*** Block opens ***
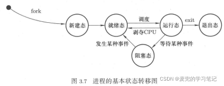 进程状态可以用于描述一个进程在其执行过程中的演化过程,即进程的生存周期。操作系统中进程的主要状态包括,
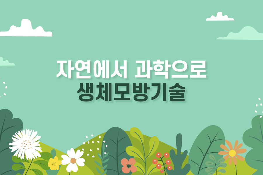 여러분은 오리발과 비행기, 낙하산이 어떻게 탄생하게 되었는지 아시나요? 이것들을 자세히 들여다보면 오리발은 오리의 발을, 비행기는 새의 날개를, 낙하산은 민들레 씨를 닮았다는 것을 알 수 있습니다. 이처럼 자연의 원리에서 가져온 특성을 모방하여 과학 기술로 발전시키는 것을 생체모방기술이라고 합니다. 이전에는 외형적인 특성을 기반으로 과학 기술에 활용했다면 요즘은 생체에 있는 미세한 특성들을 활용하여 생체 기능을 이용한 기술들이 개발되고 있다고 합니다.
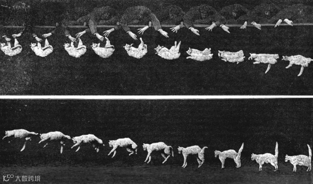 系统研究可追溯至1700年。经典力学指出:无外力矩作用下,自由落体刚体无法自行旋转。但1894年,法国生理学家马雷用高速摄影(12帧/秒)首次证实,猫无需借力即可完成空中翻转。
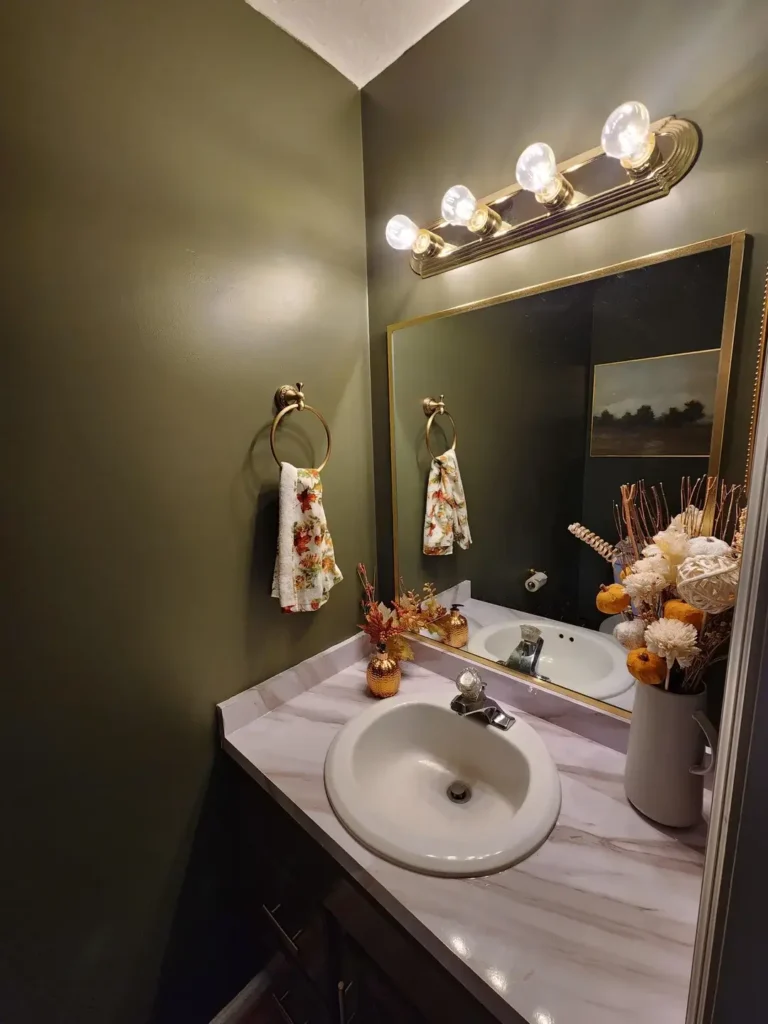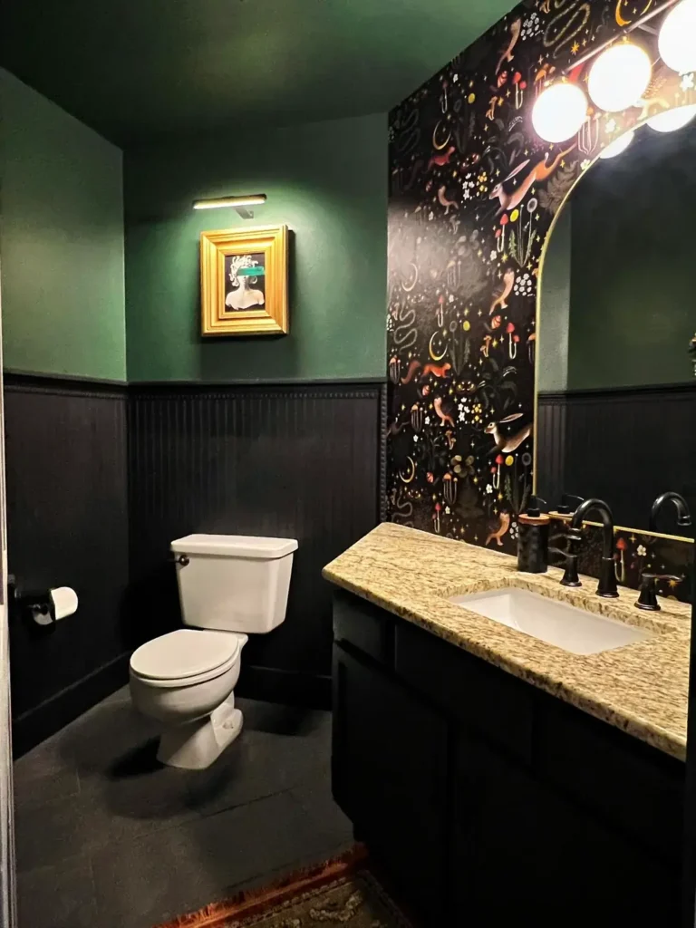 Dark doesn’t always mean black. This powder room takes a softer approach with deep sage green walls that feel both moody and calming at the same time.
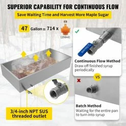 - Efficient Processing Flow: Handle nearly 47 gal. of sap in total, meaning 714 bottles of 0.07 gal. maple syrup can be made. The maple syrup pan comes with a 3/4 in. valve to adjust the flow rate and load the maple syrup into other containers
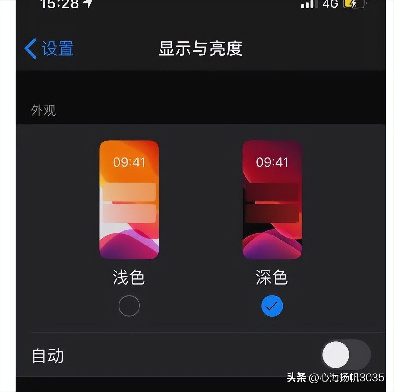 六、 深色模式设置,这个就因人而异,但是深色模式是非常省电的。大家根根据需要自行选择吧。
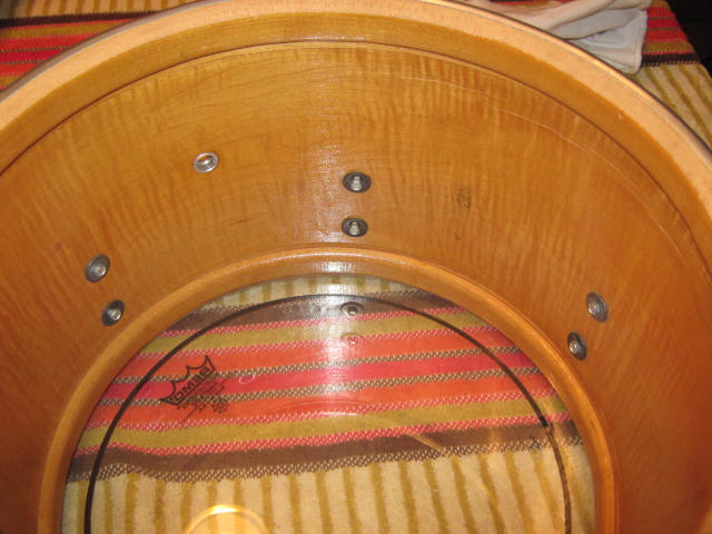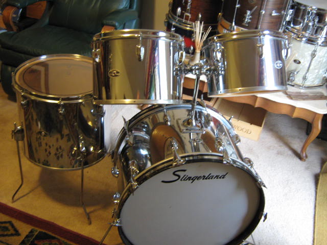 Like-new Remo pinners on the toms...... a Slingy logo on the front no-name bass head, and another no-namer on the bass batter.
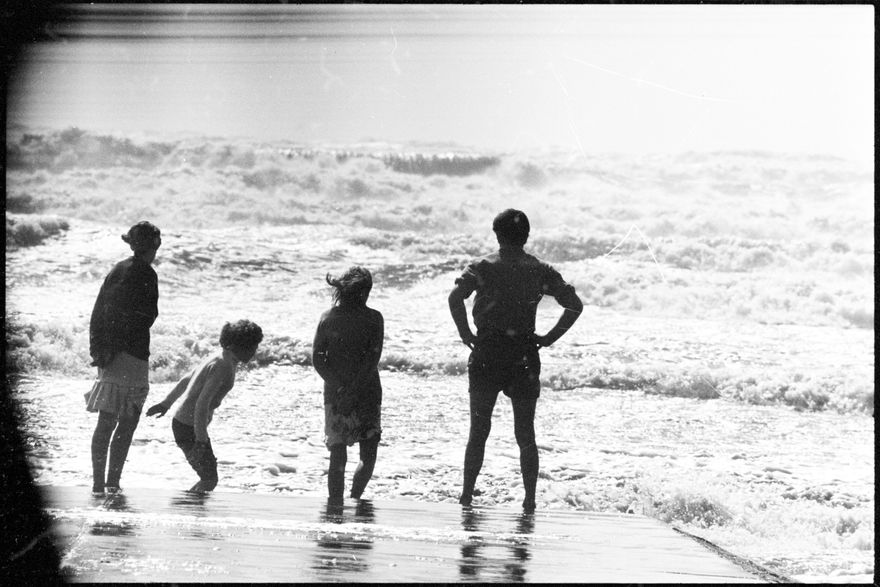 [Image of the only people at Foxton Beach yesterday afternoon were these four, who braved gale force winds and walked to the beach to watch the huge waves pounding in.]
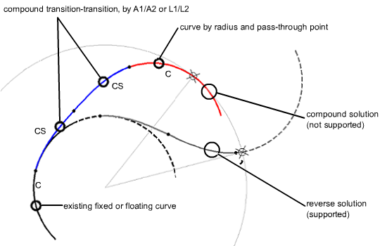Add a floating reverse curve with transitions in situations where you need two back-to-back reverse transition transitions and the curve geometry must pass through a specified point.
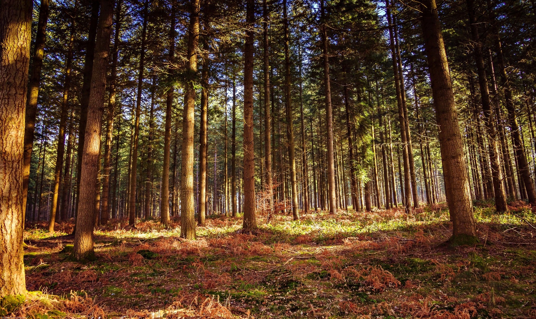 Edytor tapety: Słońce przebijające się między leśnymi drzewami
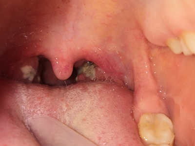 化脓性扁桃体炎患者的口咽右侧扁桃体发红,体积明显增大,造成口咽部位的空间减少,并伴有明显疼痛、灼烧感,从而影响吞咽动作。
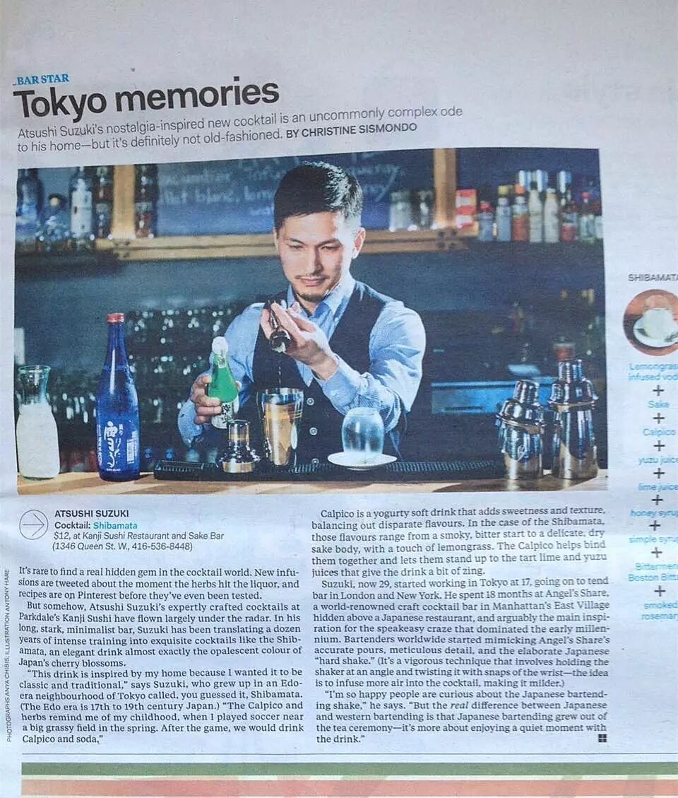 与纽约的梦幻时髦、伦敦的历史感不同,多伦多是一个很悠闲随性的地方,节奏没有那么快。他喜欢这个城市,但一开始没找到什么好的鸡尾酒吧。简历投了很多,最后只有一家寿司清酒吧愿意雇用他。
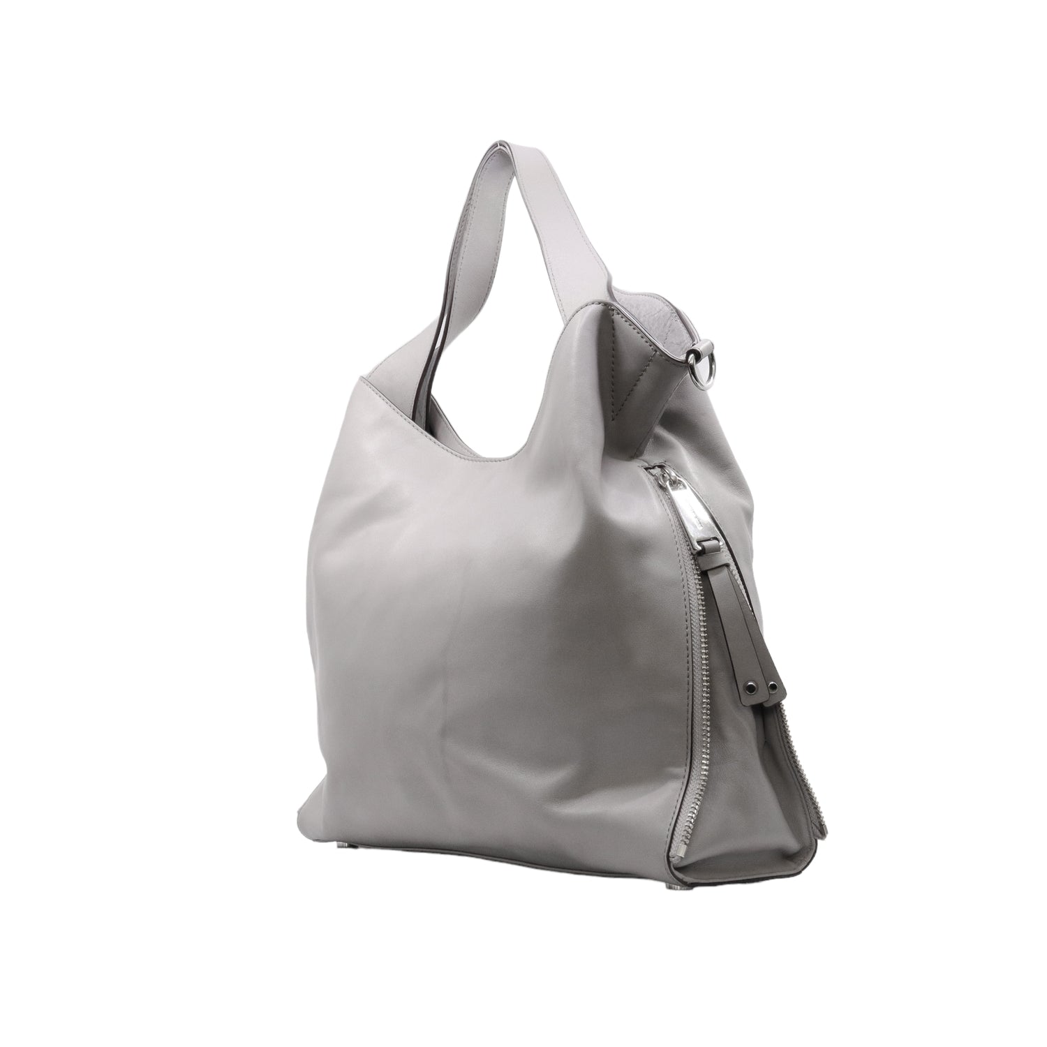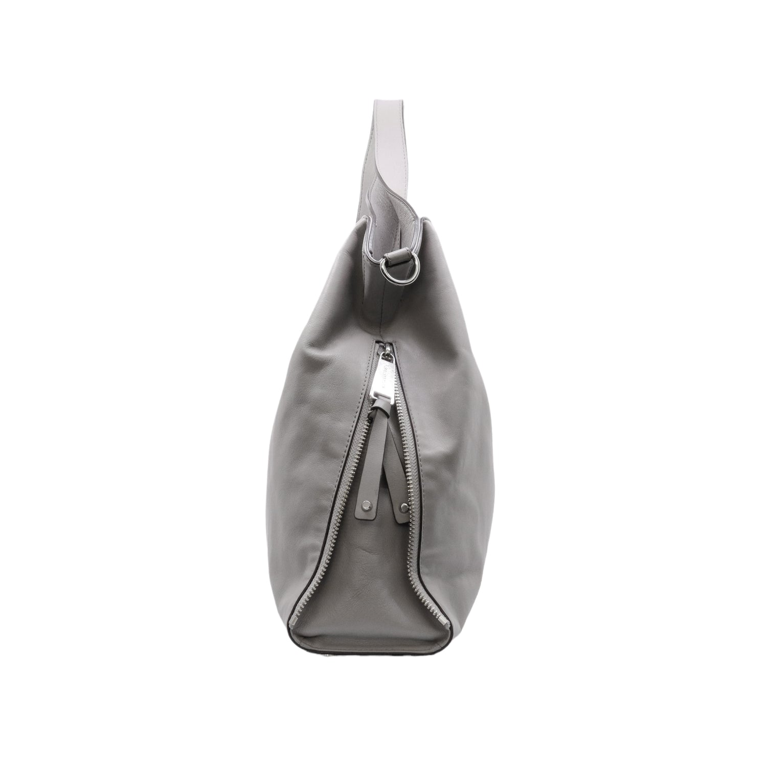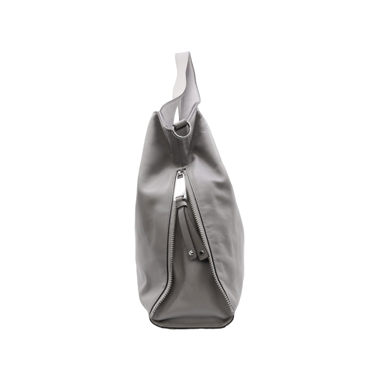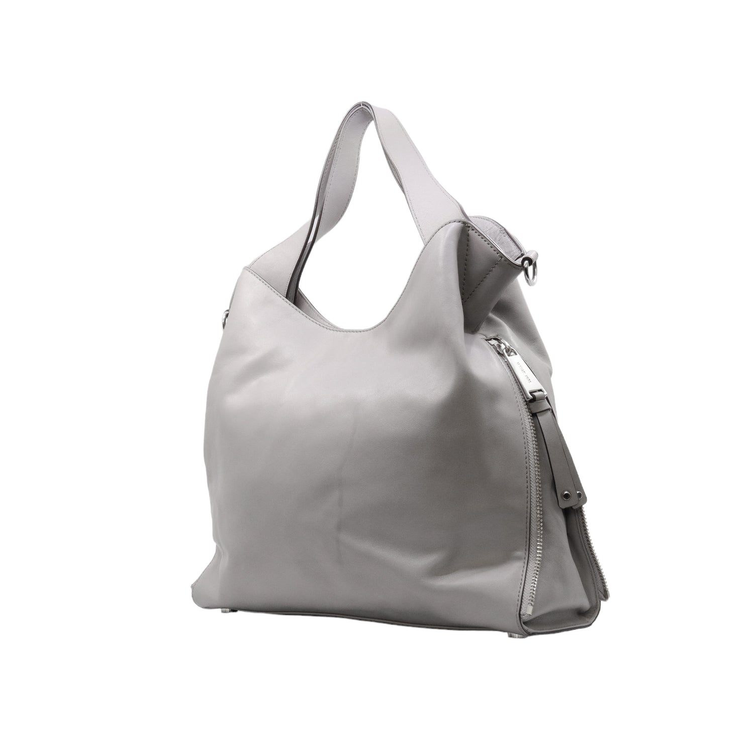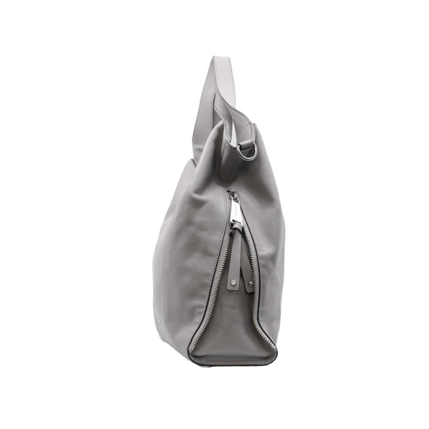 Bolso Michael Kors confeccionado en piel de becerro color gris, con interior y compartimentos en nylon, 2 asas y strap desmontable, con cierre de botón magnético, mancha en parte posterior y detalles al frente.
*** Block closes ***
**Task objective**
Reproduce the listing above only between the lines holding "- Efficient Processing" and "Like-new Remo pinners", inclusive. Every line must match exactly, and pictures are dropped.

**Exercise output**
 - Efficient Processing Flow: Handle nearly 47 gal. of sap in total, meaning 714 bottles of 0.07 gal. maple syrup can be made. The maple syrup pan comes with a 3/4 in. valve to adjust the flow rate and load the maple syrup into other containers
 六、 深色模式设置,这个就因人而异,但是深色模式是非常省电的。大家根根据需要自行选择吧。
 Like-new Remo pinners on the toms...... a Slingy logo on the front no-name bass head, and another no-namer on the bass batter.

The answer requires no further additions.